### Dataset records
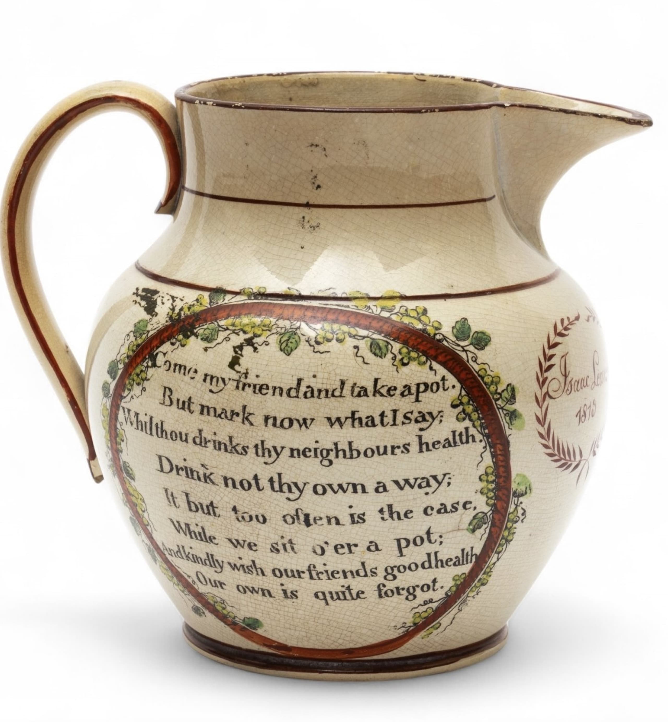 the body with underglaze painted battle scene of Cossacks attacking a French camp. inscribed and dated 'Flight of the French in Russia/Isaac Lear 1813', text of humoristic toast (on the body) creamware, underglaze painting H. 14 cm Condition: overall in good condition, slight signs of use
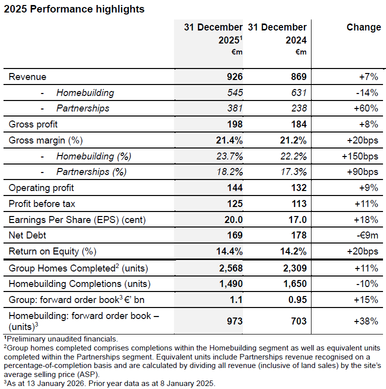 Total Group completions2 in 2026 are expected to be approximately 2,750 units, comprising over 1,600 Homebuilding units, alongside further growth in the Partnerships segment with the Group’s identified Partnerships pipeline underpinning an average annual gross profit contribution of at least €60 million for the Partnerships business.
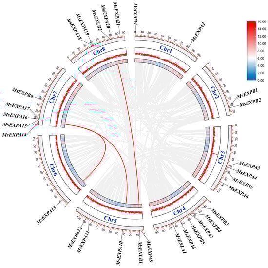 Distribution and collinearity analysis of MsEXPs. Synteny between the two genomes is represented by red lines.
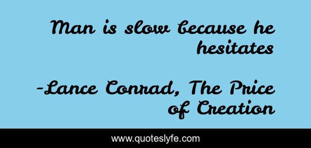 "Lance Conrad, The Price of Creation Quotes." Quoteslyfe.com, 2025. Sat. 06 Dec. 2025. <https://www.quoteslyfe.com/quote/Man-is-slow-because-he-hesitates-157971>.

* * *

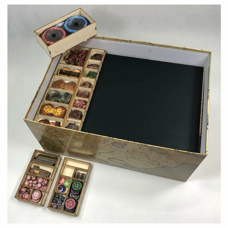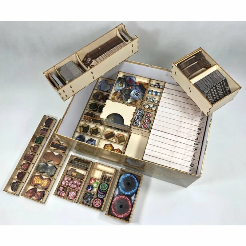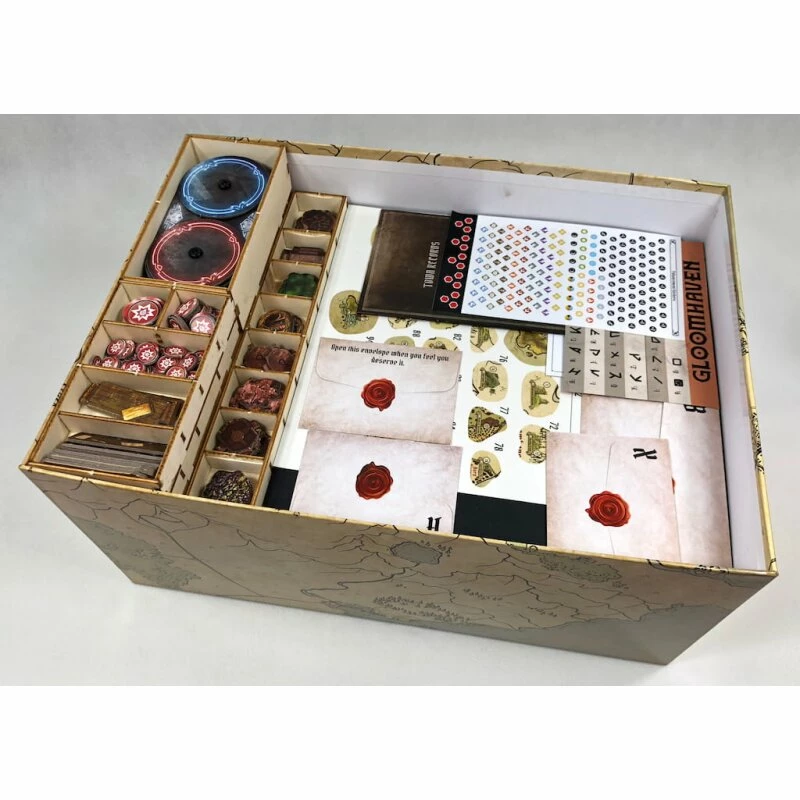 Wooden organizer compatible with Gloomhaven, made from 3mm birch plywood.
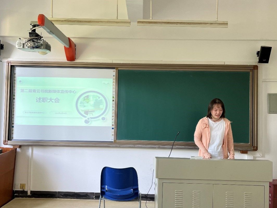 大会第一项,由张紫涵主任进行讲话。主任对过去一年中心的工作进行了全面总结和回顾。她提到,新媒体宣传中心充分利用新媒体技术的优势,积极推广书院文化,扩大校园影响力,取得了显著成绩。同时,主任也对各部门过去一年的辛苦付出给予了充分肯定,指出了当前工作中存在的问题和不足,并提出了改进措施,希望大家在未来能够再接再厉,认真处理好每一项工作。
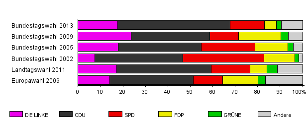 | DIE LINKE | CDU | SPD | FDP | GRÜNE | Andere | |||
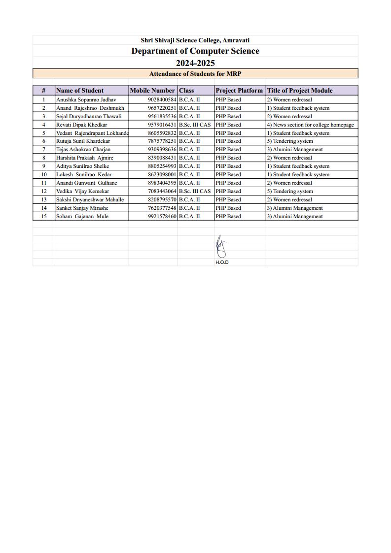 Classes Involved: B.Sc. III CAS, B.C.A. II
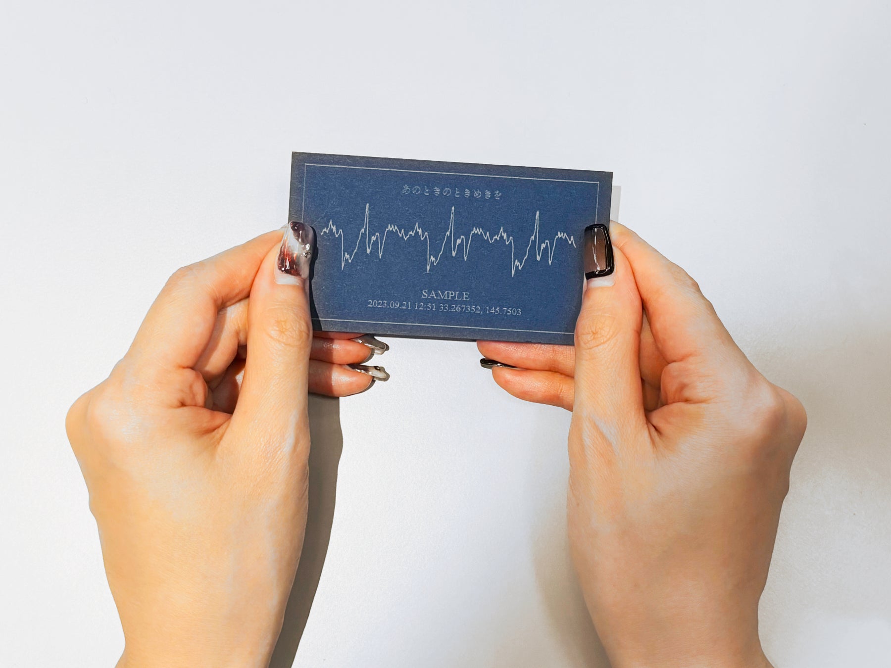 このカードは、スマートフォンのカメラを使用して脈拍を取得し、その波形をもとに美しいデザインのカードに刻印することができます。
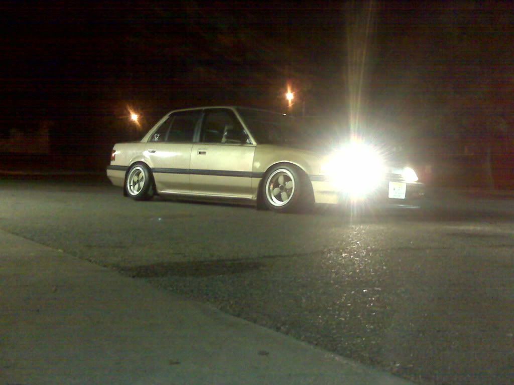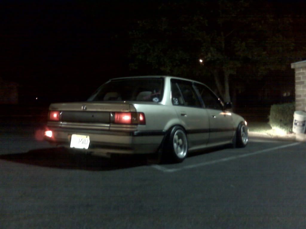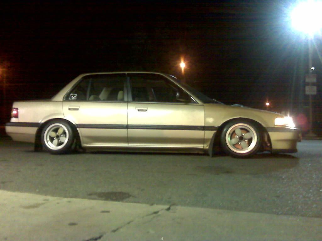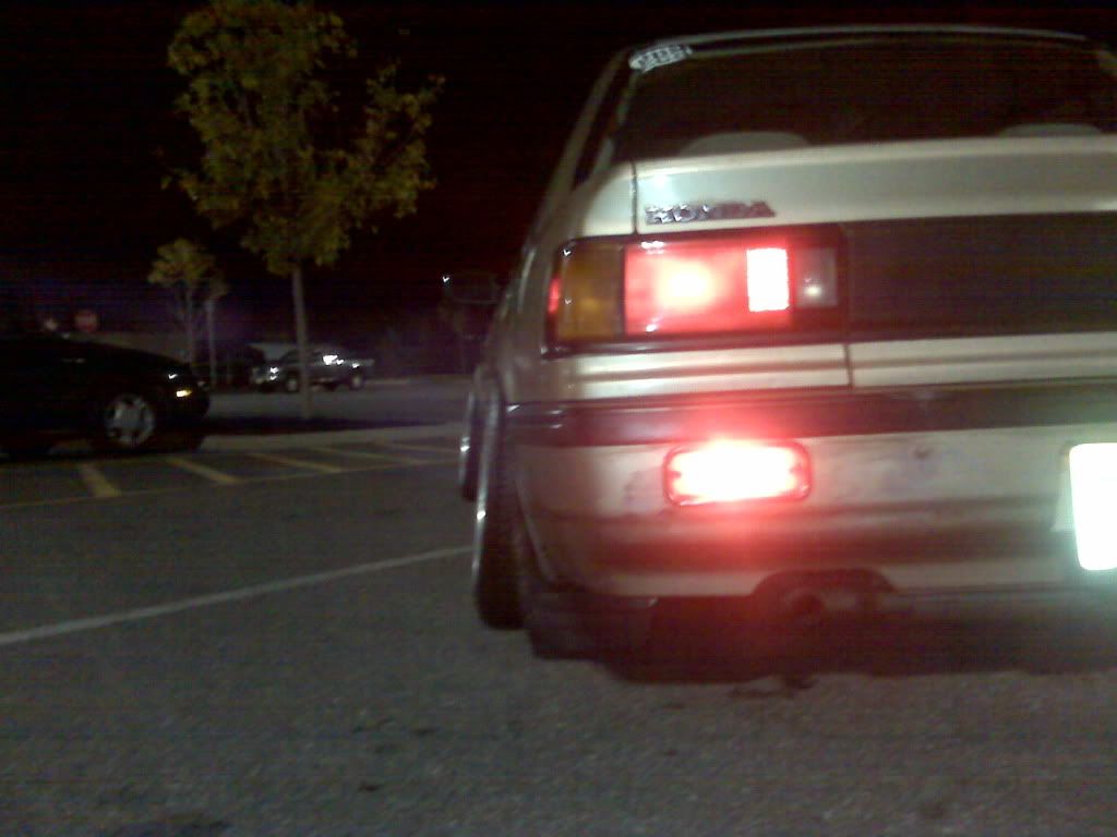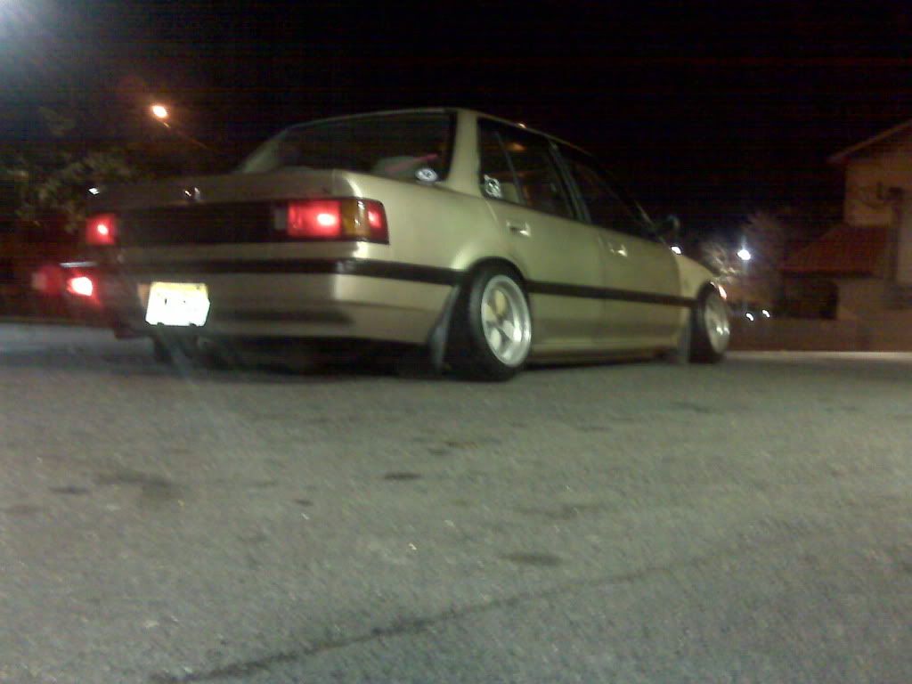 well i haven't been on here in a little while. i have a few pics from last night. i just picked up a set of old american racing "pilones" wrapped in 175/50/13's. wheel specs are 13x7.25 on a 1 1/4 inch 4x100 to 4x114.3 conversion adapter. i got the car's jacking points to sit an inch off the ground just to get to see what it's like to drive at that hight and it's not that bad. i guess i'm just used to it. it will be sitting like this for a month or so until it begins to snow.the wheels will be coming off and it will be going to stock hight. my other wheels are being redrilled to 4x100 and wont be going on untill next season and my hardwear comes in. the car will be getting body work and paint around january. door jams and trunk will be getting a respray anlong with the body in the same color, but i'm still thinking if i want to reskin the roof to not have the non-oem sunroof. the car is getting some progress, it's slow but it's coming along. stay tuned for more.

--

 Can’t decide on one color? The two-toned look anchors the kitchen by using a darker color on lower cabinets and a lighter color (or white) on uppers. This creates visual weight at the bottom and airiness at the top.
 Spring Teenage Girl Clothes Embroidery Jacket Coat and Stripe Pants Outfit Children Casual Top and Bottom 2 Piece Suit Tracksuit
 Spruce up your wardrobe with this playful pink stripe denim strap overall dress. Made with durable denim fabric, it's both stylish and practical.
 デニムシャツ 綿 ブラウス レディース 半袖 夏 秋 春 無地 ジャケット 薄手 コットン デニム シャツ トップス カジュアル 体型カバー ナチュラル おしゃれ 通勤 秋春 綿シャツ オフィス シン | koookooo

### Required action
Restate word for word the entries above, starting at the line with "Can’t decide on" and ending at the line with "デニムシャツ 綿 ブラウス", inclusive, and no others.

### Output of the task
 Can’t decide on one color? The two-toned look anchors the kitchen by using a darker color on lower cabinets and a lighter color (or white) on uppers. This creates visual weight at the bottom and airiness at the top.
 Spring Teenage Girl Clothes Embroidery Jacket Coat and Stripe Pants Outfit Children Casual Top and Bottom 2 Piece Suit Tracksuit
 Spruce up your wardrobe with this playful pink stripe denim strap overall dress. Made with durable denim fabric, it's both stylish and practical.
 デニムシャツ 綿 ブラウス レディース 半袖 夏 秋 春 無地 ジャケット 薄手 コットン デニム シャツ トップス カジュアル 体型カバー ナチュラル おしゃれ 通勤 秋春 綿シャツ オフィス シン | koookooo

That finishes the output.